━━━ Records

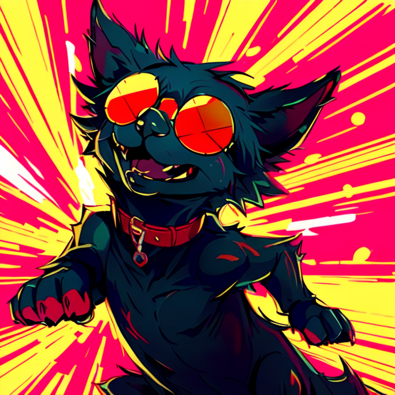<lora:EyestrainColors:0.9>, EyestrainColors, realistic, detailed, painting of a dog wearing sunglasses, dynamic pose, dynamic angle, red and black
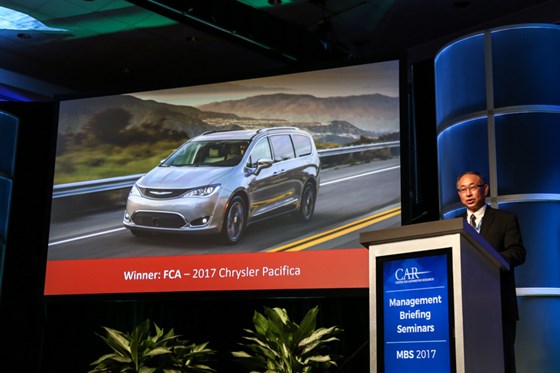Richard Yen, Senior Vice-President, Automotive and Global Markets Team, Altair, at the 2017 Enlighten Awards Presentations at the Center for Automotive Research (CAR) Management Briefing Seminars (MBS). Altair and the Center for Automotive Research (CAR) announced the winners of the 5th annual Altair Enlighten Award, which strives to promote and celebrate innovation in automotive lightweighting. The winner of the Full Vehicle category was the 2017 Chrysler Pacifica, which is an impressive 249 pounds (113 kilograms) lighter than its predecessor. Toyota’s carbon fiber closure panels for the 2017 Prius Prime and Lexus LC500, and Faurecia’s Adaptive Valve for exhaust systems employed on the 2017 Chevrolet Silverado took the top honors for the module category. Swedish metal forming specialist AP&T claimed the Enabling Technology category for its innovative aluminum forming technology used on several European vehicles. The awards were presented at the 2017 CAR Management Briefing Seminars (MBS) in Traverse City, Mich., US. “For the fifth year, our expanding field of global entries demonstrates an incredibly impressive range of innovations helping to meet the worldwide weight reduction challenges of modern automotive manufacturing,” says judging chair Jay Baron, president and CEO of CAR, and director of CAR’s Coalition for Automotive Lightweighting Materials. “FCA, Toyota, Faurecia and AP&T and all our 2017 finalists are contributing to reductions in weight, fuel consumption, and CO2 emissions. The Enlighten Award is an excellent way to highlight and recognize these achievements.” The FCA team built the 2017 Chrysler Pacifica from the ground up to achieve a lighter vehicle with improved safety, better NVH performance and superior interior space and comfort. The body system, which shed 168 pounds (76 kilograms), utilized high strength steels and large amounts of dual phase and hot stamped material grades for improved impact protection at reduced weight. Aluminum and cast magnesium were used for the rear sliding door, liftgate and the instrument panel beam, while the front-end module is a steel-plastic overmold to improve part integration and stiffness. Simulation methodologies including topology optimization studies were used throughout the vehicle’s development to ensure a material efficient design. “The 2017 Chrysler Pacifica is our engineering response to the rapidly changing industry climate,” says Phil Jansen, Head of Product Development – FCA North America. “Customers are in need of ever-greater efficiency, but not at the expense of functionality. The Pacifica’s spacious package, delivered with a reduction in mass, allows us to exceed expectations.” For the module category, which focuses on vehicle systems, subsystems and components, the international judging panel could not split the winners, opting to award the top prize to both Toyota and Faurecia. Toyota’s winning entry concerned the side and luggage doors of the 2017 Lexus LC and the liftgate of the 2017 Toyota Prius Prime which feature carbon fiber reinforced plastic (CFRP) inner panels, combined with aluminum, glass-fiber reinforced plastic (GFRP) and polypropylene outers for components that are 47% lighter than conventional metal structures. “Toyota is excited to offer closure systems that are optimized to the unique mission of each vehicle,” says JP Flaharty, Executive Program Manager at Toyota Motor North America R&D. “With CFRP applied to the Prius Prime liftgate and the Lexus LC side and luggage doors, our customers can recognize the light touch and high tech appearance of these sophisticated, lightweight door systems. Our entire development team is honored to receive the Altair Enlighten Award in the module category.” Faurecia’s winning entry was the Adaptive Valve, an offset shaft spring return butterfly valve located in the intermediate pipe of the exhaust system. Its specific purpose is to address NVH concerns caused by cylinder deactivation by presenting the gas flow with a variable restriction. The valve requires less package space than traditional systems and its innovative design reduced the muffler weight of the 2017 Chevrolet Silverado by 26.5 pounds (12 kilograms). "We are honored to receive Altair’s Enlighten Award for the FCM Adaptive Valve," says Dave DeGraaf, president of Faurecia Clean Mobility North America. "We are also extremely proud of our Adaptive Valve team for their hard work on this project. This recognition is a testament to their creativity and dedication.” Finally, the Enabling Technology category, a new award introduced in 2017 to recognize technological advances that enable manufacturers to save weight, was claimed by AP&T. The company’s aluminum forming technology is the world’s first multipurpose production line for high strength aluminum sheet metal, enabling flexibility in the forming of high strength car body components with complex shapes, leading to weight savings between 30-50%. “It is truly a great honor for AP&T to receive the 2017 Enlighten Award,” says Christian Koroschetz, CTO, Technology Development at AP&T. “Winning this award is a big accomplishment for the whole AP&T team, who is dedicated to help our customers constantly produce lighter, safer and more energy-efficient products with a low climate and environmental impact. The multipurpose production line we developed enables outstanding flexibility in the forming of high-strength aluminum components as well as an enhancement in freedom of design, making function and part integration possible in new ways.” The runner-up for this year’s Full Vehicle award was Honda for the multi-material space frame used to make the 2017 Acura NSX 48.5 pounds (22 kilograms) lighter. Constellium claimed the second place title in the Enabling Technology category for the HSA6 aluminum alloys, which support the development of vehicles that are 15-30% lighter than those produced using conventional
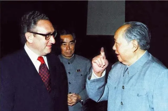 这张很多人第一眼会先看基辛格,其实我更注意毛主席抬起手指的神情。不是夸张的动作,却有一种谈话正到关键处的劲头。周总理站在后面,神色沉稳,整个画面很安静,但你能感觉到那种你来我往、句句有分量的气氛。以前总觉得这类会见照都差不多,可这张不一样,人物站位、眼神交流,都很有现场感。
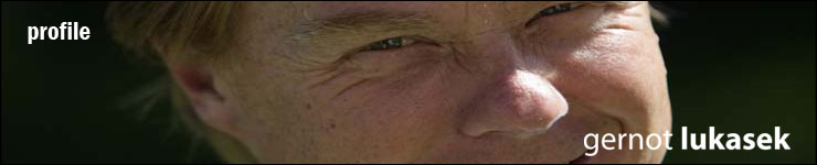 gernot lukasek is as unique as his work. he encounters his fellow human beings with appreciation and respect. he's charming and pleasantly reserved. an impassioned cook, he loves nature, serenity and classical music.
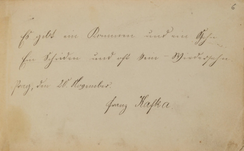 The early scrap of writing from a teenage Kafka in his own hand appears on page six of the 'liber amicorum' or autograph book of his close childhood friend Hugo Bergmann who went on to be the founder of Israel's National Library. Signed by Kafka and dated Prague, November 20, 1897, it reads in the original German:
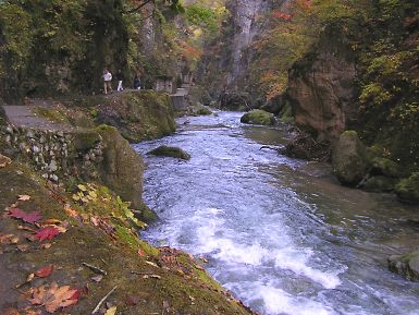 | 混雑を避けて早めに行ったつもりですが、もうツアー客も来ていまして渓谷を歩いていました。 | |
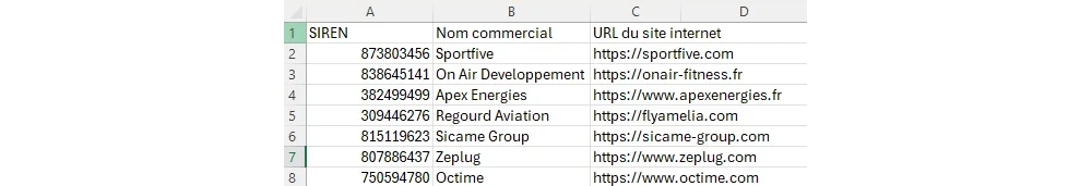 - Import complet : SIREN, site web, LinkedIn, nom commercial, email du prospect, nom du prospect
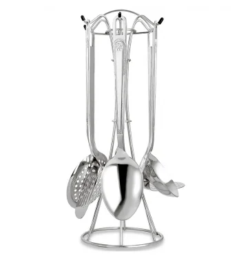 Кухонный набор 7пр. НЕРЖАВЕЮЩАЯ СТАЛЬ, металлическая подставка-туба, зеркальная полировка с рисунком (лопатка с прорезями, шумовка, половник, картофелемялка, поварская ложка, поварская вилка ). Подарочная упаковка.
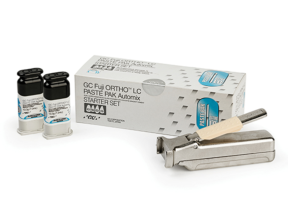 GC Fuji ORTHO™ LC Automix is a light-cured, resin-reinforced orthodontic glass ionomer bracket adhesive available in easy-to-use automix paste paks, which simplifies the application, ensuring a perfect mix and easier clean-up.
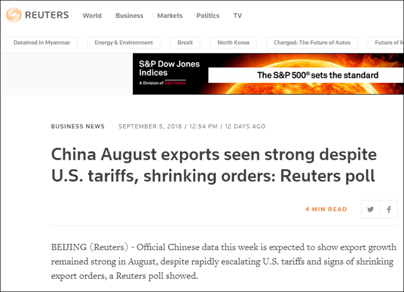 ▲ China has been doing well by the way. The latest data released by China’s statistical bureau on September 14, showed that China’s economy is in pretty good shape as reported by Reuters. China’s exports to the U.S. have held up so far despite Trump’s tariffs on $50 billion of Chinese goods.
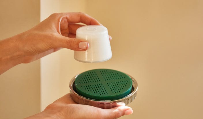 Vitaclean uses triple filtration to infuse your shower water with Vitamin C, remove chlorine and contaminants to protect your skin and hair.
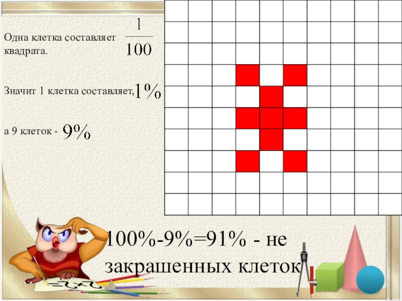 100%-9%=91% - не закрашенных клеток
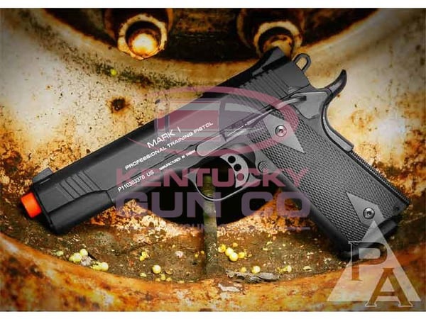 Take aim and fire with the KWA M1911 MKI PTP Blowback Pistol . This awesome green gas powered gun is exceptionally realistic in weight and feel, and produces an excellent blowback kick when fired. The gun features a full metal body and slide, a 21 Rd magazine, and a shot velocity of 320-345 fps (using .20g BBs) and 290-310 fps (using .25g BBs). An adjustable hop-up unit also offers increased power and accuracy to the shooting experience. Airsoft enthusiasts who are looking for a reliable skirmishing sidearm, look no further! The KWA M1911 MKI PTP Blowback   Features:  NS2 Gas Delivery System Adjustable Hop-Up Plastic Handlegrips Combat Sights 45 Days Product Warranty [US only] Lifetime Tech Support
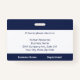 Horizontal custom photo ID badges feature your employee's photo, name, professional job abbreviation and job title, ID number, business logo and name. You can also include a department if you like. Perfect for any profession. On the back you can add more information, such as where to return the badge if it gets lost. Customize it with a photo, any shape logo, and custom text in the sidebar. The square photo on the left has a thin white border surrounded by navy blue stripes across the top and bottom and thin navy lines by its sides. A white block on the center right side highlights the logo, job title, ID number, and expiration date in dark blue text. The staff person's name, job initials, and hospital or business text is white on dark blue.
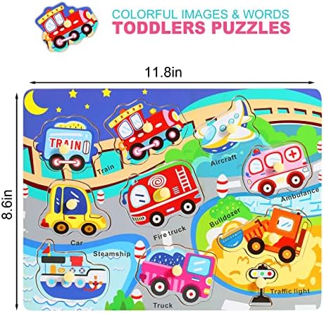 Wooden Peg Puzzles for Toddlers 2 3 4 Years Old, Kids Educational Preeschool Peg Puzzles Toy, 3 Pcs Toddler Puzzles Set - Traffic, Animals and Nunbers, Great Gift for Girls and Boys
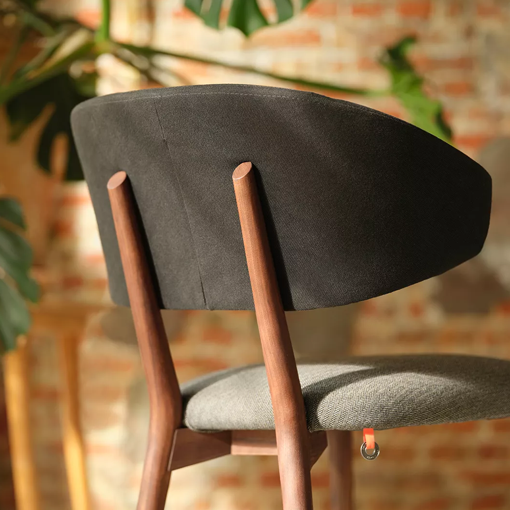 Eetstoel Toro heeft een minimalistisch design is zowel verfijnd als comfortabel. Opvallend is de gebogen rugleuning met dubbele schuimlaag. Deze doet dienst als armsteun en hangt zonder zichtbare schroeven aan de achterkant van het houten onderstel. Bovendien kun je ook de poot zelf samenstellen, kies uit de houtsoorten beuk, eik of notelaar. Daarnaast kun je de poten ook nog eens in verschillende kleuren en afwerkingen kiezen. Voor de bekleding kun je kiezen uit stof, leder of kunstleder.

━━━━━━

▶ Try it
While skipping the pictures, transcribe the data above from the line showing "The early scrap" through the line showing "GC Fuji ORTHO™", exactly and with both ends.

▶ Solution for this exercise
 The early scrap of writing from a teenage Kafka in his own hand appears on page six of the 'liber amicorum' or autograph book of his close childhood friend Hugo Bergmann who went on to be the founder of Israel's National Library. Signed by Kafka and dated Prague, November 20, 1897, it reads in the original German:
 | 混雑を避けて早めに行ったつもりですが、もうツアー客も来ていまして渓谷を歩いていました。 | |
 - Import complet : SIREN, site web, LinkedIn, nom commercial, email du prospect, nom du prospect
 Кухонный набор 7пр. НЕРЖАВЕЮЩАЯ СТАЛЬ, металлическая подставка-туба, зеркальная полировка с рисунком (лопатка с прорезями, шумовка, половник, картофелемялка, поварская ложка, поварская вилка ). Подарочная упаковка.
 GC Fuji ORTHO™ LC Automix is a light-cured, resin-reinforced orthodontic glass ionomer bracket adhesive available in easy-to-use automix paste paks, which simplifies the application, ensuring a perfect mix and easier clean-up.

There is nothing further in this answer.